1. The Contractual Incapacity of Minors
Incapacity due to infancy is especially benign for the incapacitated party as it provides the legal equivalent of a unilateral option for enforcement at the discretion of the minor involved. This incapacity has existed for centuries in the common law. (93) Though the criteria have changed over time and jurisdiction, the general rule still observed in the Restatement (Second) of Contracts is that contracts entered into prior to the day preceding the individual's eighteenth birthday are voidable. (94) Apparent age, maturity, intellectual capacity, and waivers are insufficient to remove the incapacity. (95) Likewise, unless otherwise statutorily mandated, neither emancipation nor marriage removes the incapacity. (96)
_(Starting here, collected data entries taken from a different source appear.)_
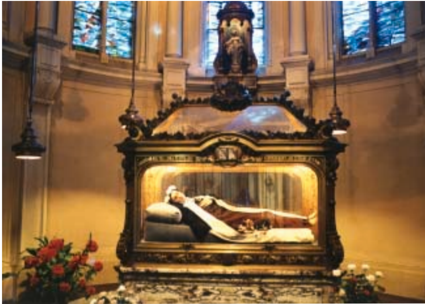
Reliques de sainte Thérèse transférées en 1923 dans la chapelle du Carmel. In 1923 St Theresa's relics were placed here. Reliquien der Heiligen Theresia (seit 1923).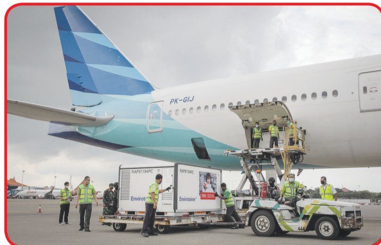
Petugas menurunkan kontainer berisi vaksin Covid-19 saat tiba di Bandara Soekarno-Hatta, Tangerang, Banten.

JAKARTA (IM) - Sebanyak 15 juta dosis vaksin Covid-19 buatan perusahaan farmasi Sinovac, Tiongkok, Selasa (12/1) sore kemarin tiba di tanah air.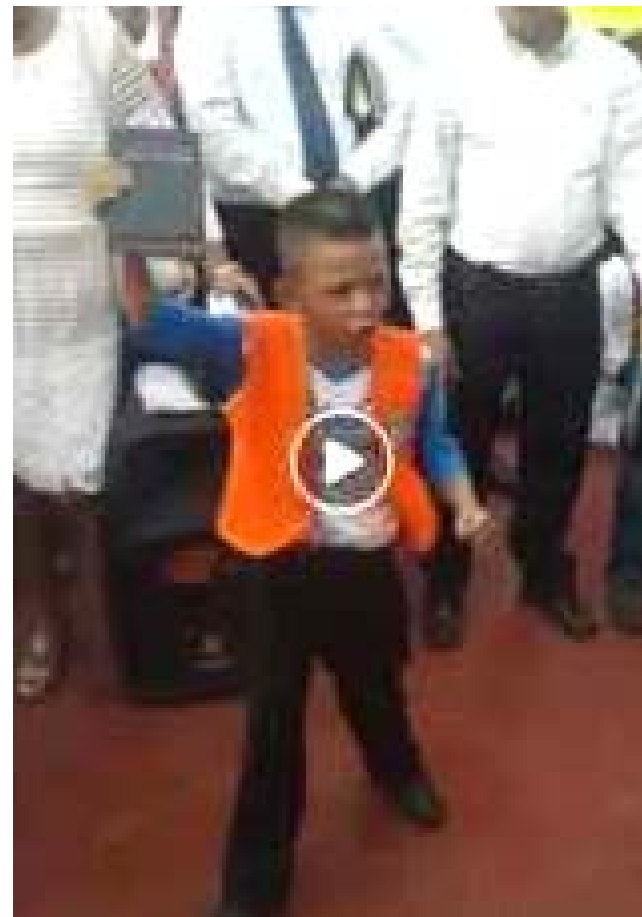
En los actos celebrados en la paradisíaca isla del caribe, este pequeño niño se convirtió en el centro del espectáculo.

“Hoy es un día muy especial por el motivo de celebrar el Día del Libro Sagrado. Hoy hace 30 años, en 1987, se declaró mediante decreto legislativo celebrar cada último domingo de septiembre este grandioso acontecimiento”; expresó el menor con voz de autoridad.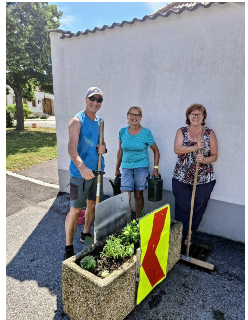
Fleißige Hände beim „Setzen“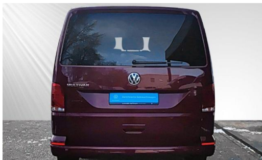
schmidt&hoffmann mobilität | ProfiPartner für Gebrauchtwagen | Zertifizierte Gebrauchtwagen Nutzfahrzeuge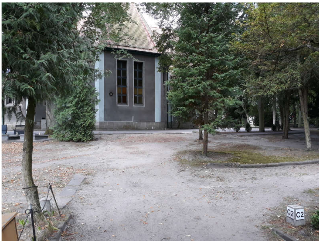
pkt.4 (patrz: mapa)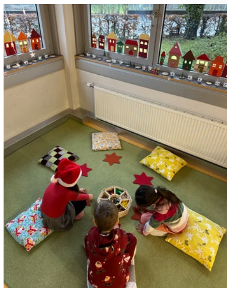
@ Kindergarten Dorf

Like membership in the groups involving status below, membership in the group of individuals deemed minors is involuntary, arbitrary, (97) and temporarily immutable. Unlike status, the purpose for the contractual incapacity is paternalistic in the sense that minors require the assistance of the legal system to protect them from executing unwise agreements. (98) The incapacity is not, however, absolute.
Minors can enter into binding contracts for "necessaries," (99) as well as a few other limited categories. (100) Lord Coke defined necessaries to include: "necessary meat, drinke, apparel, necessary physicke, and other such necessaries, and likewise for ... good teaching or instruction whereby [the minor] may profit himselfe afterwards." (101) However, even for necessaries, the doctrine of incapacity is based on the protection of the supposedly weaker contracting party. Minors' contractual liability is limited to the fair value of the necessaries received, and as such is more a quasi-contractual liability based on theories of unjust enrichment than on contractual obligations. (102) In any event, this incapacity exists to protect the affected party rather than to deny the party any fundamental right.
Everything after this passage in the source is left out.